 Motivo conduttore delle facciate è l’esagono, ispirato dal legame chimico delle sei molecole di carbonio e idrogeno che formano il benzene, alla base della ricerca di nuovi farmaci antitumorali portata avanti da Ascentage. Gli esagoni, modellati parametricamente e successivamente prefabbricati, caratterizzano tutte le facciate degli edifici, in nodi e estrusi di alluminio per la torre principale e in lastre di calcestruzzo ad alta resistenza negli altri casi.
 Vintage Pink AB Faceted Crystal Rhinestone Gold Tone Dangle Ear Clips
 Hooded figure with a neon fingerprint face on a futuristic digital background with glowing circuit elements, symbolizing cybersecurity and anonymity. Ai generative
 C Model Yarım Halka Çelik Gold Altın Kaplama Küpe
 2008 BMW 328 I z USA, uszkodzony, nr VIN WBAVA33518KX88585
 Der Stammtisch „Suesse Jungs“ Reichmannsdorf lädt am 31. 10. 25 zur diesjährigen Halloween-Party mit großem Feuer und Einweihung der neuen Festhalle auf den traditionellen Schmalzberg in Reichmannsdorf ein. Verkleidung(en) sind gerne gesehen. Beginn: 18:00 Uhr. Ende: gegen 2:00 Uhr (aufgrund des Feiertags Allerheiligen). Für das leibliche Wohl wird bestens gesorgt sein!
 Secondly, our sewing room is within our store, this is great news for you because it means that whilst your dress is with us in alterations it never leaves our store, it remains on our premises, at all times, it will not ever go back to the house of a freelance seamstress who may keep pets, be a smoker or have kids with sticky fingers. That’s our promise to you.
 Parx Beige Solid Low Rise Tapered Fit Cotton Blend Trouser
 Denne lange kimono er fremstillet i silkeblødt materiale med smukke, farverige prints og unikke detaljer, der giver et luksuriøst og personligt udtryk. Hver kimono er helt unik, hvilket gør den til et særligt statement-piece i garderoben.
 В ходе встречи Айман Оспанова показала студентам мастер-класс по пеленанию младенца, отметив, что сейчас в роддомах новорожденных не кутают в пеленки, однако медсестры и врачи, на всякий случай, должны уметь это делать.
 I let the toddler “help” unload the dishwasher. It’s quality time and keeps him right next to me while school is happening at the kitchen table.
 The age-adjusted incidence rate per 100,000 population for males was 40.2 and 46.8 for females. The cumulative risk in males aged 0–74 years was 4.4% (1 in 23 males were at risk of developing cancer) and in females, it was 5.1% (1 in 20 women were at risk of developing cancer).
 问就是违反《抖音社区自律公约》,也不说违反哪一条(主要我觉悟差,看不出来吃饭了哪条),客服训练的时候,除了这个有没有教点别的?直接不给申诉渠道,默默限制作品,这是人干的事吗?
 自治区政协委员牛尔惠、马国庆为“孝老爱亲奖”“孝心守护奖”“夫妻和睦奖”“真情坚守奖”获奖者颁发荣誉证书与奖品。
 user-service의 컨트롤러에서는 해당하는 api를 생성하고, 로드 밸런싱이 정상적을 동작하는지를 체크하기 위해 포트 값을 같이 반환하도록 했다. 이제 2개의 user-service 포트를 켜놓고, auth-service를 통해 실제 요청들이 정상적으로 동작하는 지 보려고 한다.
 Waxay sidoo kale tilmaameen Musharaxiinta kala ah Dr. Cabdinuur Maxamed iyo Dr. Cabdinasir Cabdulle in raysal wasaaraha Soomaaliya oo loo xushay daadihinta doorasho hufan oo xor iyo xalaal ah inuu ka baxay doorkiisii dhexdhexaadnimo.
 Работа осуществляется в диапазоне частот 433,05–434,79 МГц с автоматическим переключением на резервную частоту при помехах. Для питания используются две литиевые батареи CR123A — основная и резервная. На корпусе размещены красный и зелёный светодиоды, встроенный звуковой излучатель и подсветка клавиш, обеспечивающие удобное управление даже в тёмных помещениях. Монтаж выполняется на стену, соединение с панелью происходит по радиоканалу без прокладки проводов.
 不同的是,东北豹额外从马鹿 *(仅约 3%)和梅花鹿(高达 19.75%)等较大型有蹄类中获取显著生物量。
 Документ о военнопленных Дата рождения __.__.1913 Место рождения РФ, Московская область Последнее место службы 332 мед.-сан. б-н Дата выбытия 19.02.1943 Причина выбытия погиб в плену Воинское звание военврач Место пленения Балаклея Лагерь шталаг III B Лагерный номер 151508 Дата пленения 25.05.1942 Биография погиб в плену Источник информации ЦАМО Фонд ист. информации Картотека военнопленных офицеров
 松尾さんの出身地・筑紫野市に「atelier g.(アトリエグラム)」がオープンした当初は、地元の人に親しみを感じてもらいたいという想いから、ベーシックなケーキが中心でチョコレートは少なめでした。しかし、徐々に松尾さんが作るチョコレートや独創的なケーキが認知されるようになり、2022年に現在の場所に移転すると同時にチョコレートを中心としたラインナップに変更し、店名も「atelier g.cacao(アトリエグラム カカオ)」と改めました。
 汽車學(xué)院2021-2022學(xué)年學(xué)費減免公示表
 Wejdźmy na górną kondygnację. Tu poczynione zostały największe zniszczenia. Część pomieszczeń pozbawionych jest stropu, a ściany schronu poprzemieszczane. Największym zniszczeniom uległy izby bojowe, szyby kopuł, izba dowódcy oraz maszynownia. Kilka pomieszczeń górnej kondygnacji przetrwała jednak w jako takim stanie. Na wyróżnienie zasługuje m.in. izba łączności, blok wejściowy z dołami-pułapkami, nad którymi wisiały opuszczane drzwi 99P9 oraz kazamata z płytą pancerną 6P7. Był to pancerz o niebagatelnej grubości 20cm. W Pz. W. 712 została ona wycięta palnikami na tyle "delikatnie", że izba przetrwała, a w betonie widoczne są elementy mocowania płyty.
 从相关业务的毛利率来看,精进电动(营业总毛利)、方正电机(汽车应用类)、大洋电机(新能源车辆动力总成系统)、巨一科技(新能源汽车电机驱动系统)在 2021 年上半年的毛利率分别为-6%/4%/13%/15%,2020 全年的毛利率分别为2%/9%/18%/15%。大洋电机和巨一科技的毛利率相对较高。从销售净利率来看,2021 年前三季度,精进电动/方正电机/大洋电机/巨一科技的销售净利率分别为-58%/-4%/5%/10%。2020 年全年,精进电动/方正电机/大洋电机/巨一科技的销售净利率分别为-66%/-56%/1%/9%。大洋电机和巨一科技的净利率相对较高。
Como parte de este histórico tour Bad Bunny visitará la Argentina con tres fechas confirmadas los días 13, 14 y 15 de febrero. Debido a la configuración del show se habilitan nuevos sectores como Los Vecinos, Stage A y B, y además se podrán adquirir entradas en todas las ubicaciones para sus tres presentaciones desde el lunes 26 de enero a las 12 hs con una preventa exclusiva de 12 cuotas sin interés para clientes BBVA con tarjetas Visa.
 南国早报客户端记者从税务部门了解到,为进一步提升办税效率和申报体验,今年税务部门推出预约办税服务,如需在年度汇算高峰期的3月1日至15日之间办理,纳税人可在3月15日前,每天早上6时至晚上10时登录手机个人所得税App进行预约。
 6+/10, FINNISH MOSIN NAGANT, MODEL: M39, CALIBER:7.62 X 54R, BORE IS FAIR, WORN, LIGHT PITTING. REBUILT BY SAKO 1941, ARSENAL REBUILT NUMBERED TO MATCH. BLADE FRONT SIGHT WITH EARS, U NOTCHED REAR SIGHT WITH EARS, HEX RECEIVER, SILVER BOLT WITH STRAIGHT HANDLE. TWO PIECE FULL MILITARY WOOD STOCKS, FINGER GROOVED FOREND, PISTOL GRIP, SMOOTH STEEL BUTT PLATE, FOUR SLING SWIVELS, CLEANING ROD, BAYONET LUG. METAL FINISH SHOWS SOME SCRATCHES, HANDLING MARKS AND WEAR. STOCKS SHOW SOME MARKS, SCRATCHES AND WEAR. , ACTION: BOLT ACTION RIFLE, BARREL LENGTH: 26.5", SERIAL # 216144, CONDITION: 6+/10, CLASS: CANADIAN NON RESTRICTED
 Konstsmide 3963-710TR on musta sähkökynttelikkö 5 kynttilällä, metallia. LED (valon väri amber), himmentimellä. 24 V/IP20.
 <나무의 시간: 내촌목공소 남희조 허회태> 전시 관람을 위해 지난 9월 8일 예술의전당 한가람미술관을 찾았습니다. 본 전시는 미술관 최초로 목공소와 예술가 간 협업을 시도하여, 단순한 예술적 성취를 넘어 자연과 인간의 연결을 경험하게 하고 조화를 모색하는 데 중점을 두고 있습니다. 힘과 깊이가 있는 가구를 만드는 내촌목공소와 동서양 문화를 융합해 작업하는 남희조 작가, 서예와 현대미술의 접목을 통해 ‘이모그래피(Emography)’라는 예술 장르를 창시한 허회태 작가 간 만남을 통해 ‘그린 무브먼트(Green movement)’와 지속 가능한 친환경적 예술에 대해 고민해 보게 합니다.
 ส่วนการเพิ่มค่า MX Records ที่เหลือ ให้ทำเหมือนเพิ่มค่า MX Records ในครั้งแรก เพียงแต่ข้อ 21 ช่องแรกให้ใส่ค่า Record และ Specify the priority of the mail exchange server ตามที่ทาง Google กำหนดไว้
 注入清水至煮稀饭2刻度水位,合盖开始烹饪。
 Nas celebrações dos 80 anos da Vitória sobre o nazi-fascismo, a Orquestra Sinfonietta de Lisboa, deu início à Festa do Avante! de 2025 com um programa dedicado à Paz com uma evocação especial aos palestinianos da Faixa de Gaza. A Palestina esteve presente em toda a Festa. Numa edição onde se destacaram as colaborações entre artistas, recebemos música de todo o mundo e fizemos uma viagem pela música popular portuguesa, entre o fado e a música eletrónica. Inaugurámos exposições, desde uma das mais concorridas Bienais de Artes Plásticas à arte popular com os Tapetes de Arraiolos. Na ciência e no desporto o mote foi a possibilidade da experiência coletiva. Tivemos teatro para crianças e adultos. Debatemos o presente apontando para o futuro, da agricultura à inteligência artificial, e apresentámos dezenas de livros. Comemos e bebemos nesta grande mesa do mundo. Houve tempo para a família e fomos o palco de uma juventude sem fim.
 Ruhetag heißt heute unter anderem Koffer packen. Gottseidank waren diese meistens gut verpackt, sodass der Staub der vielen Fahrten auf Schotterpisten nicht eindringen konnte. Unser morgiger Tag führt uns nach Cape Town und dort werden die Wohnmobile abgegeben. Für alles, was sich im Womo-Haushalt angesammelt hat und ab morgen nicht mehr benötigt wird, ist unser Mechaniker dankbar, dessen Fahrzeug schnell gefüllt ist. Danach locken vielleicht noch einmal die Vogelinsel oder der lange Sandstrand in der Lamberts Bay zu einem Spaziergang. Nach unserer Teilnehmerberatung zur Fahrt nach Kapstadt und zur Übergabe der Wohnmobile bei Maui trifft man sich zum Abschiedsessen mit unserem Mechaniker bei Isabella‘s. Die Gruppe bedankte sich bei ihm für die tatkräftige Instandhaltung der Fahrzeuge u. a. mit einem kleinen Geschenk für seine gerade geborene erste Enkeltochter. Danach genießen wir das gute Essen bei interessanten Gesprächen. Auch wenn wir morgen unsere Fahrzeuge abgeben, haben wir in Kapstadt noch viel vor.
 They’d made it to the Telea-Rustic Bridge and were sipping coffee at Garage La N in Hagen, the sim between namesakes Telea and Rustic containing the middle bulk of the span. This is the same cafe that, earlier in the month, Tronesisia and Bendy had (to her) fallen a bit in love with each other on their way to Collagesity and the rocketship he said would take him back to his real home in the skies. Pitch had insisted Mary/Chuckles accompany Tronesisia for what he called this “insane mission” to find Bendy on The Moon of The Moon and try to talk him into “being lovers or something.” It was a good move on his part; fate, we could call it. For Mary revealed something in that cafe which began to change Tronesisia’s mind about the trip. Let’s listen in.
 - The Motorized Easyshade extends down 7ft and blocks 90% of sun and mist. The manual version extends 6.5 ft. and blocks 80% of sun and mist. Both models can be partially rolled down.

★ ★ ★ ★ ★

#### Your assignment:
Go to the line with "Hooded figure with" in the entries above and repeat every line from there through the line with "2008 BMW 328", exactly and with no other text.

#### Finished task:
 Hooded figure with a neon fingerprint face on a futuristic digital background with glowing circuit elements, symbolizing cybersecurity and anonymity. Ai generative
 C Model Yarım Halka Çelik Gold Altın Kaplama Küpe
 2008 BMW 328 I z USA, uszkodzony, nr VIN WBAVA33518KX88585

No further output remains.